To me, it felt entirely inaccessible. Women don’t learn Gemara, women have no obligation in Talmud Torah.
Is this why it feels so entirely inaccessible? Is this why I feel confused and strange when the chazzan at Shacharit whispers “Shelo Asani Eisha” (thank you for not making me a woman), and I look around wondering if I’m obligated to answer, “Amen?”
Is this why I feel uncomfortable and confused when I need to ask for translations and for things to be repeated with a slower tempo?
Maybe I can dress modestly and Daven until I’m blue in the face, and the sun sets and the raccoons start digging through the trash cans.

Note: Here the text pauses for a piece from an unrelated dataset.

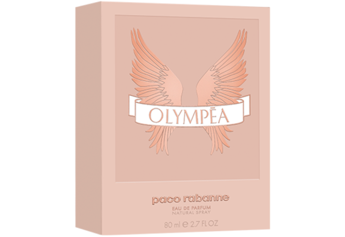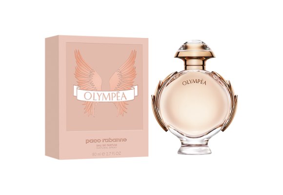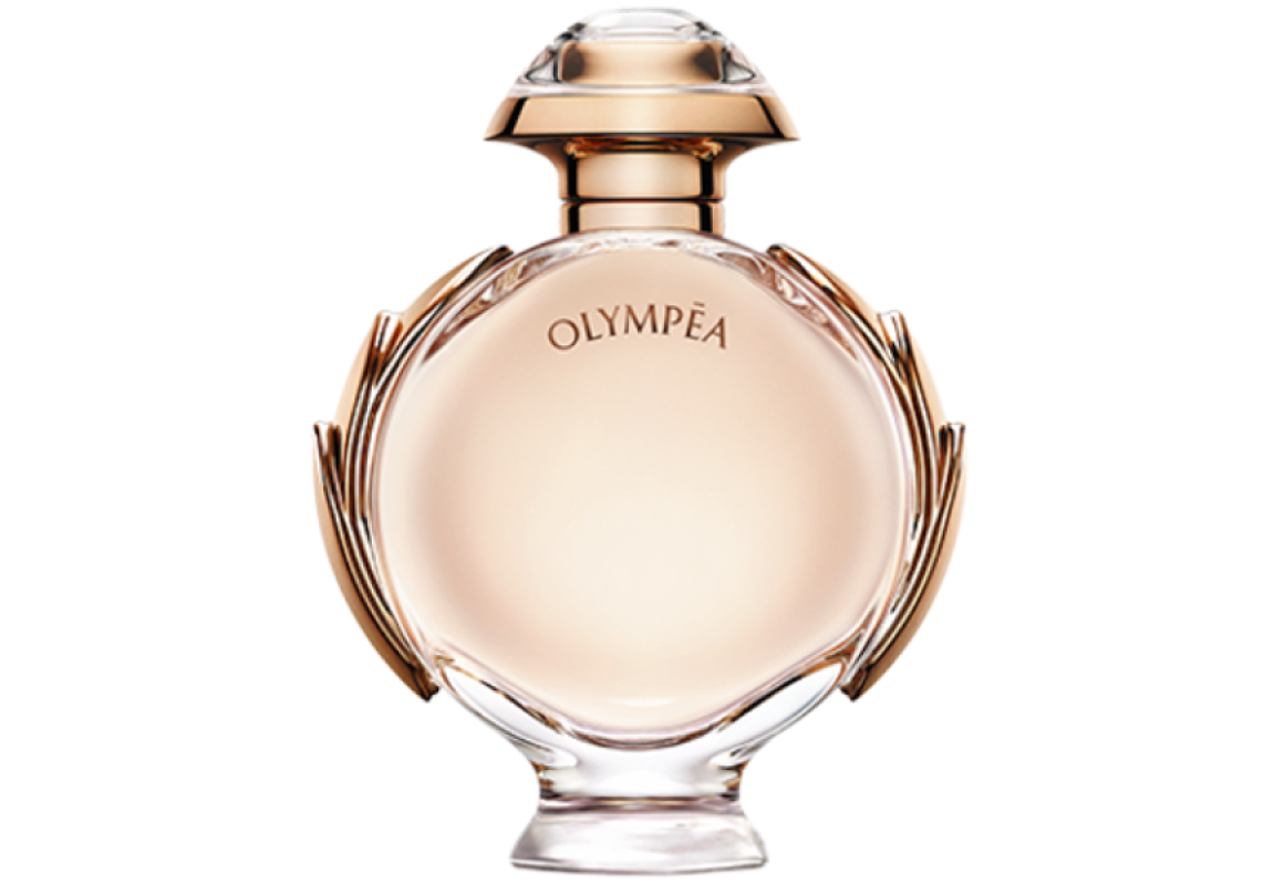 Olympéa Eau de Parfum da grife Rabanne, família olfativa oriental floral, perfume feminino francês lançado em 2015.

But I can’t crack open a Sefer and learn it alone. I can’t deliver a Dvar Torah without feeling utterly terrified that someone will correct my pronunciations or my narrative.
I feel like a huge faker when I explain that “I just know it’s Halacha!” But I don’t know where to find it inside. I can’t teach it, I can only repeat it.
But is this all bad? Surely it goes the other way too. I cannot bare to see the Torah studied as a piece of academia – like Shakespeare or Kant. It’s more than philosophy or a book of laws and stories.
It’s everything, it’s all inclusive.
The Torah is poetry, music, law;
Linguistically and divinely crafted to be studied and applied.
But only with the author in mind.
So where’s the happy medium? Judaism is about creating a balance. It’s a life style, thorough and all inclusive. We must keep this in mind when we discuss its expectations. Belief in G-d, Tefila, and, Talmud Torah are in no way separate from each other. In fact they’re deeply woven together, creating a bond that mustn’t be split apart.
It’s not about other people – or intelligence or being a “good learner” or a “good Davenner.” It’s not a point system or a game of who knows more or learns more. It’s about accessibility. It’s about translating correctly.
It’s about excusing yourself from the stereotypes, and the expectations, and, the preconceived notions people apply when you tell them “where you’re holding.”